_Task to carry out_:
Transcribe, word for word, only the lines from the one containing "對于發(fā)電量模擬,首先" through the end of the material below. Pictures stay out.

_Dataset records_:
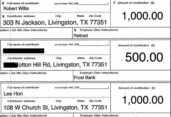 The other large donor is former Pct 1 Polk Co commissioner, Bob Willis.
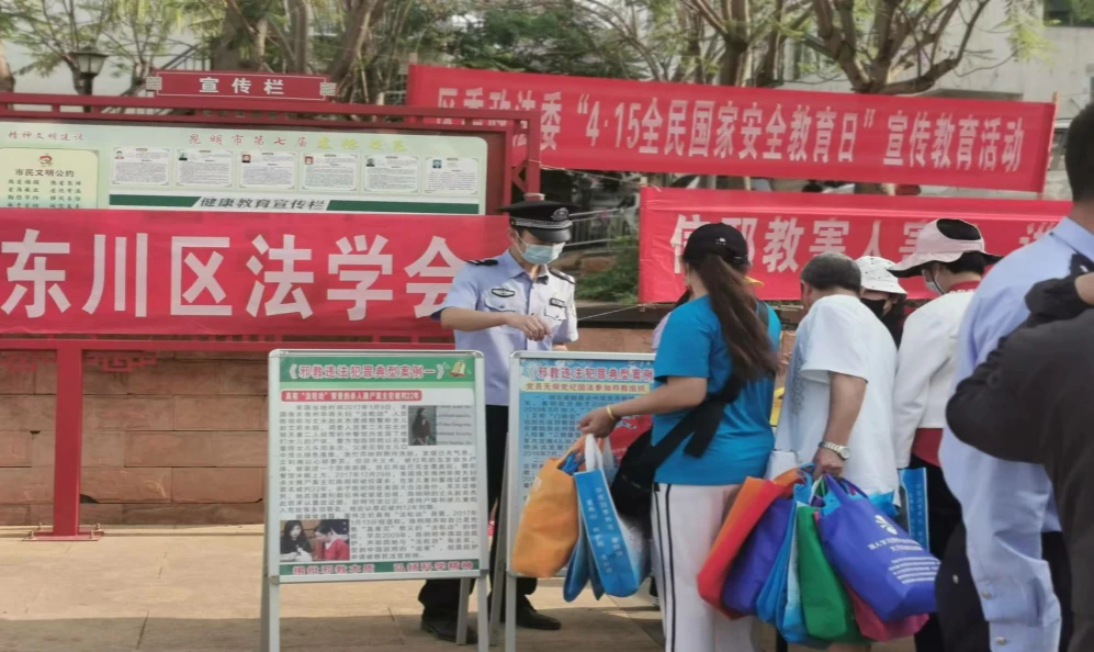 4月15日,昆明市东川区法学会联合区委政法委、区公安局、区司法局等20家法学会员单位在政法广场开展主题为“树牢总体国家安全观,感悟新时代国家安全成就,为迎接党的二十大胜利召开营造良好氛围”的国家安全宣传活动。
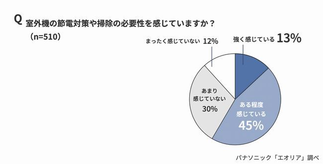 エアコンの室外機の節電対策や掃除の、必要性を感じているかを尋ねたところ、「必要性を感じている」とする回答は58%に達している。
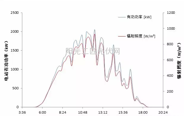 對于發(fā)電量模擬,首先是環(huán)境變量的采集和輸入。通過采集光伏電站的傳感器、匯流箱、逆變器等實測環(huán)境變量可以更精準了解到電站的運行情況。如圖所示的電站實測總輻照曲線和當日實測發(fā)電量峰谷有很精準的擬合度,這就給故障診斷提供了依據(jù)。其次是模型算法,結合組件、逆變器、變壓器等模型可以生成電站的發(fā)電量模型,將相應的環(huán)境變量輸入相應的電站模型當中,可以得到在考慮了已知環(huán)境因素下的理想發(fā)電量。數(shù)據(jù)量豐富的公司會使用自己的通過大數(shù)據(jù)修正過的模型,從而減少誤差。
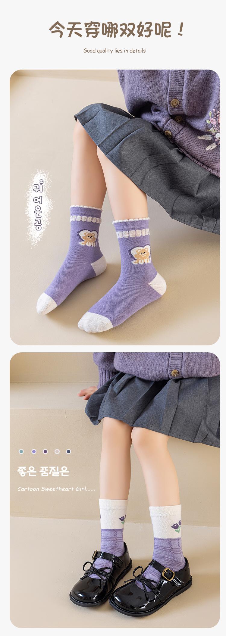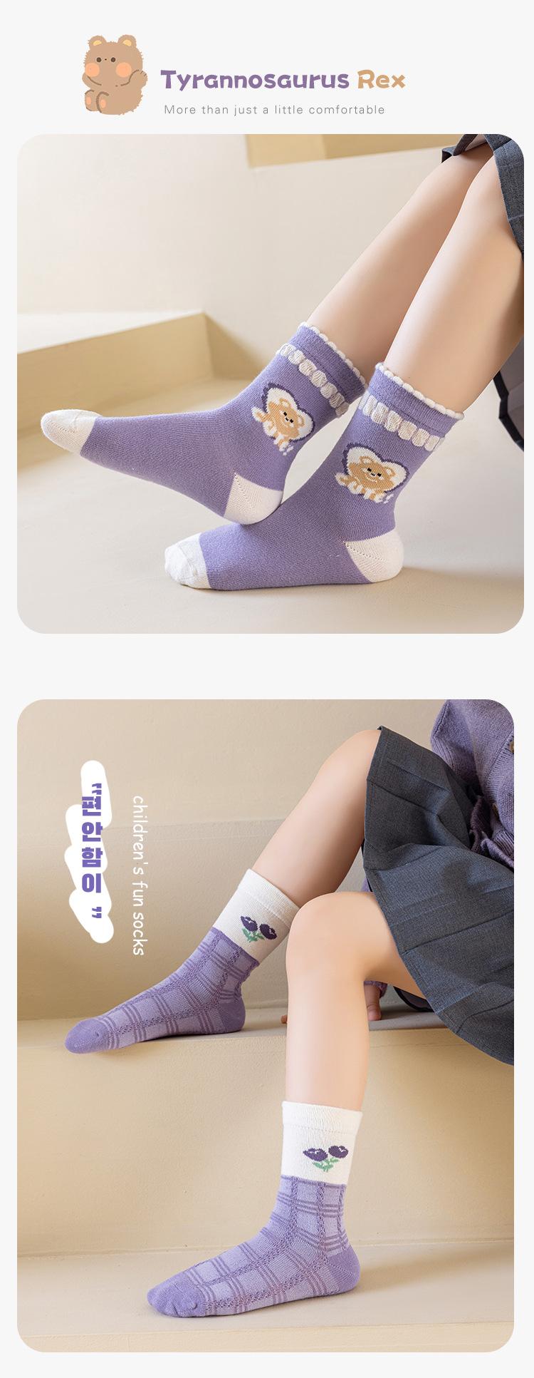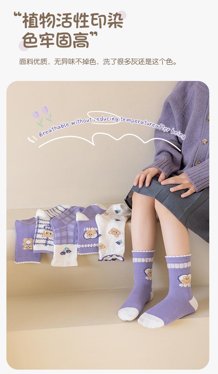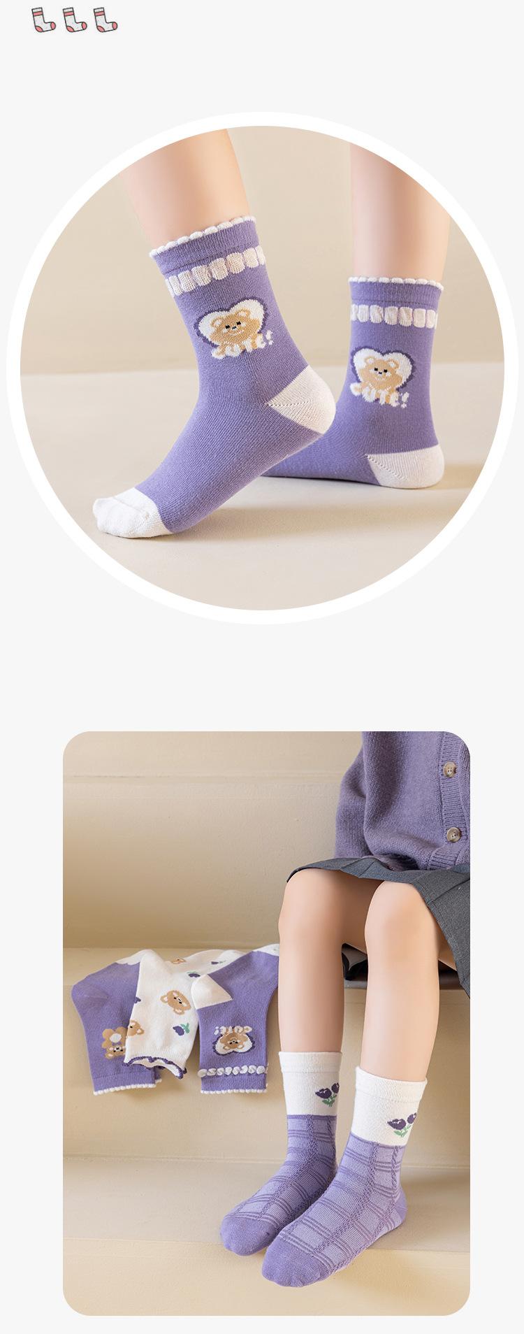 Calcetines para niñas otoño e invierno calcetines de algodón para niñas morado uva calcetines de media caña para niñas boca suelta encaje estudiante bebé

_Solved problem_:
 對于發(fā)電量模擬,首先是環(huán)境變量的采集和輸入。通過采集光伏電站的傳感器、匯流箱、逆變器等實測環(huán)境變量可以更精準了解到電站的運行情況。如圖所示的電站實測總輻照曲線和當日實測發(fā)電量峰谷有很精準的擬合度,這就給故障診斷提供了依據(jù)。其次是模型算法,結合組件、逆變器、變壓器等模型可以生成電站的發(fā)電量模型,將相應的環(huán)境變量輸入相應的電站模型當中,可以得到在考慮了已知環(huán)境因素下的理想發(fā)電量。數(shù)據(jù)量豐富的公司會使用自己的通過大數(shù)據(jù)修正過的模型,從而減少誤差。
 Calcetines para niñas otoño e invierno calcetines de algodón para niñas morado uva calcetines de media caña para niñas boca suelta encaje estudiante bebé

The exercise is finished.